• **Exercise instructions**
Images are to be excluded from the copy, and the records below reproduced word for word.

**** Data for analysis

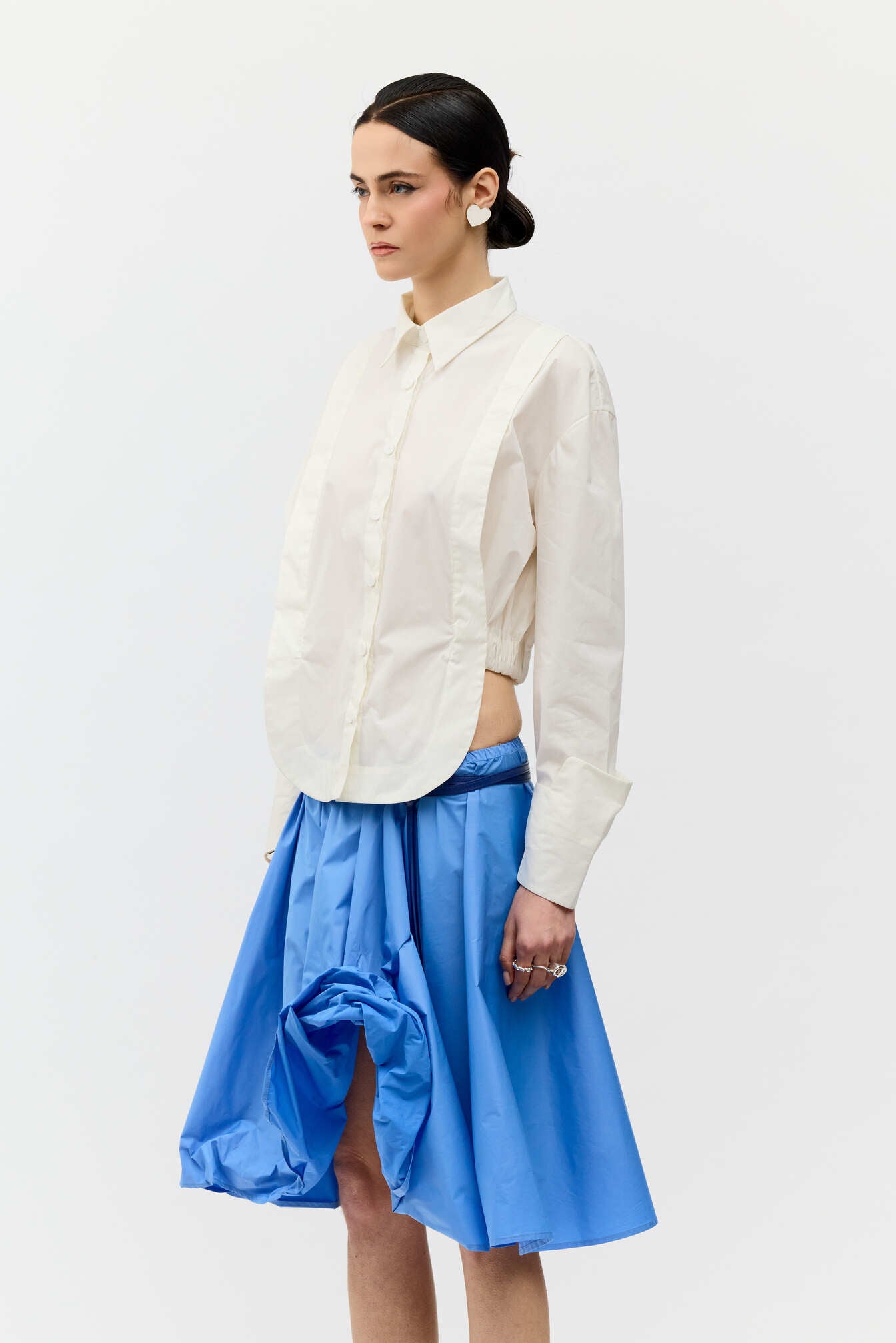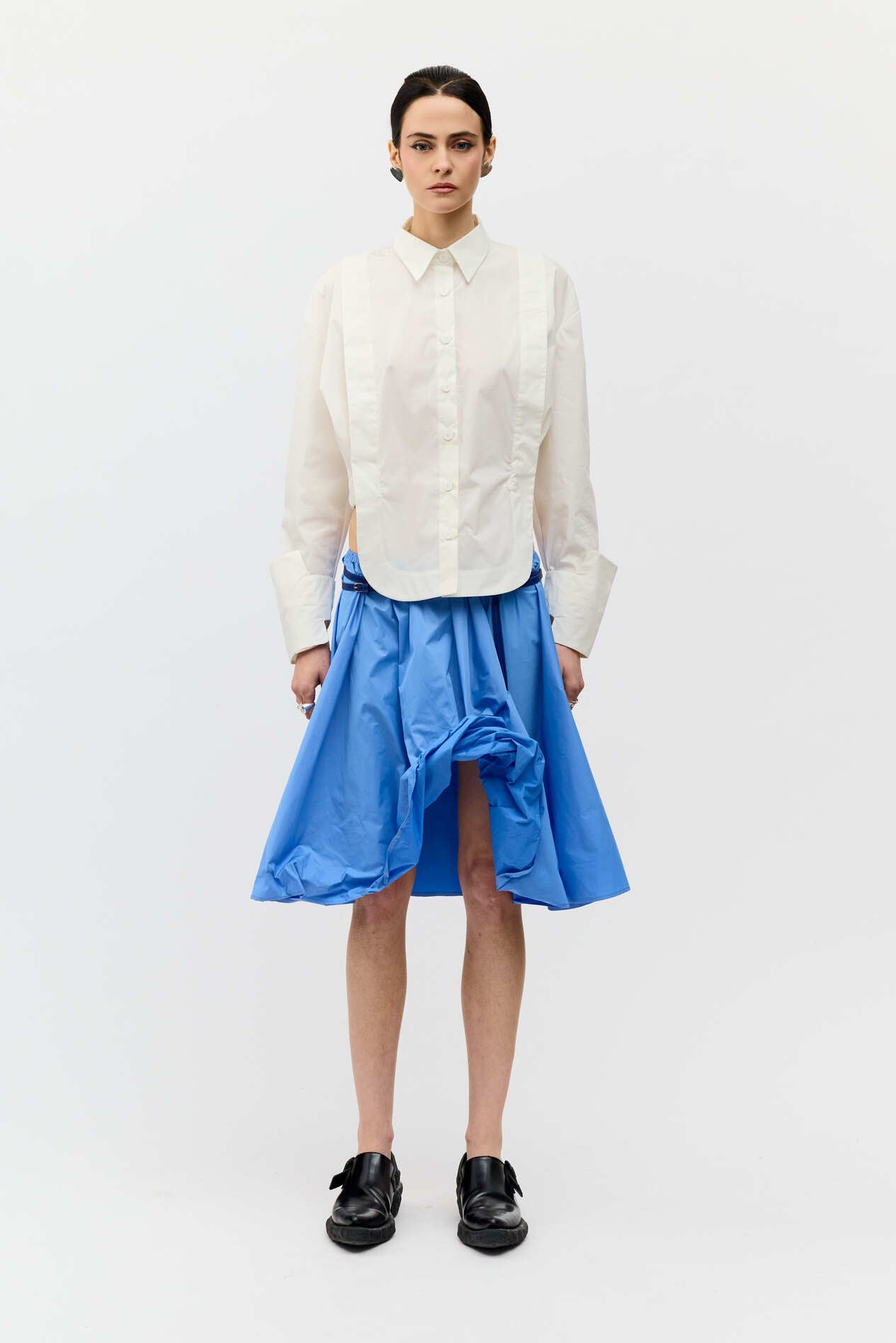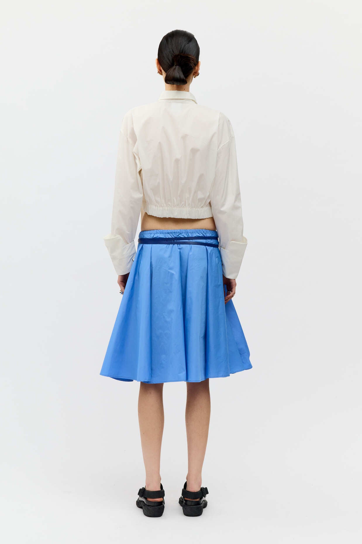 Spódnica o rozkloszowanym kroju w intensywnym odcieniu błękitu. Lekka, techniczna tkanina nadaje jej objętości, a wbudowany drucik pozwala na dowolne modelowanie formy. Elastyczny pas zapewnia komfort noszenia i dopasowanie do sylwetki.
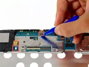 Освободите небольшой вибромотор, аккуратно поддев его вверх пластиковым медиатором.
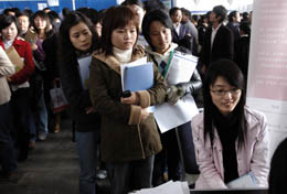 11月20日,畢業生在用人單位招聘攤位前洽談、應聘。當日,江蘇省暨南京市2008屆普通高校畢業生公益供需洽談會在南京國際展覽中心舉行,900多家用人單位提供2.5萬多個職位,通過江蘇省高校畢業生就業網與用人單位對接、匹配而篩選出的五萬多名畢業生免費入場應聘。江蘇省2008屆普通高校畢業生達42.7萬人,比2007年增加七萬多人,畢業生人數再創歷史新高。
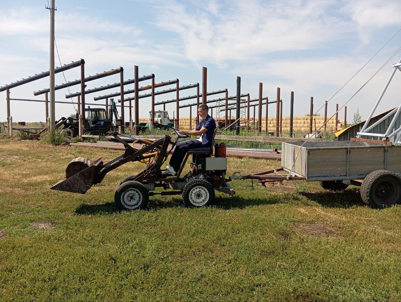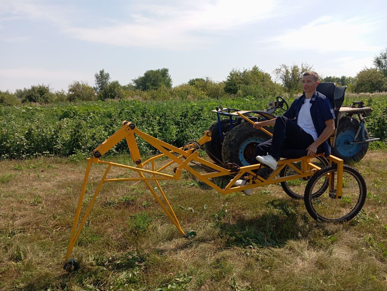 Денис вырос на ферме родителей, и большинство сделанных им технических средств берут на себя тяжелую работу. Полноприводный мини-помогатор зерно в ангаре подвинет и тяжелый груз перевезет. А вместе с лестницей, кстати, тоже собранной самим инженером, погрузчик превращается в первого помощника при строительстве.
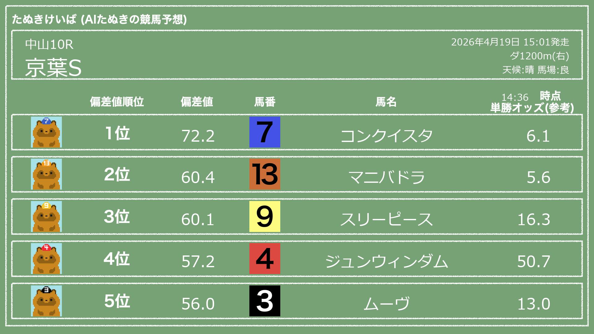 うちのたぬき(AI)による競馬予想です。レースごとに各馬の能力を偏差値で表現してみました。
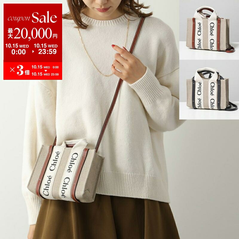 Chloe クロエ ショルダーバッグ WOODY MINI ウッディ ミニ CHC22AP237I26 レディース リネン キャンバス×レザー トート ハンドバッグ ロゴ 鞄 カラー2色

********

• **The answer**
 Spódnica o rozkloszowanym kroju w intensywnym odcieniu błękitu. Lekka, techniczna tkanina nadaje jej objętości, a wbudowany drucik pozwala na dowolne modelowanie formy. Elastyczny pas zapewnia komfort noszenia i dopasowanie do sylwetki.
 Освободите небольшой вибромотор, аккуратно поддев его вверх пластиковым медиатором.
 11月20日,畢業生在用人單位招聘攤位前洽談、應聘。當日,江蘇省暨南京市2008屆普通高校畢業生公益供需洽談會在南京國際展覽中心舉行,900多家用人單位提供2.5萬多個職位,通過江蘇省高校畢業生就業網與用人單位對接、匹配而篩選出的五萬多名畢業生免費入場應聘。江蘇省2008屆普通高校畢業生達42.7萬人,比2007年增加七萬多人,畢業生人數再創歷史新高。
 Денис вырос на ферме родителей, и большинство сделанных им технических средств берут на себя тяжелую работу. Полноприводный мини-помогатор зерно в ангаре подвинет и тяжелый груз перевезет. А вместе с лестницей, кстати, тоже собранной самим инженером, погрузчик превращается в первого помощника при строительстве.
 うちのたぬき(AI)による競馬予想です。レースごとに各馬の能力を偏差値で表現してみました。
 Chloe クロエ ショルダーバッグ WOODY MINI ウッディ ミニ CHC22AP237I26 レディース リネン キャンバス×レザー トート ハンドバッグ ロゴ 鞄 カラー2色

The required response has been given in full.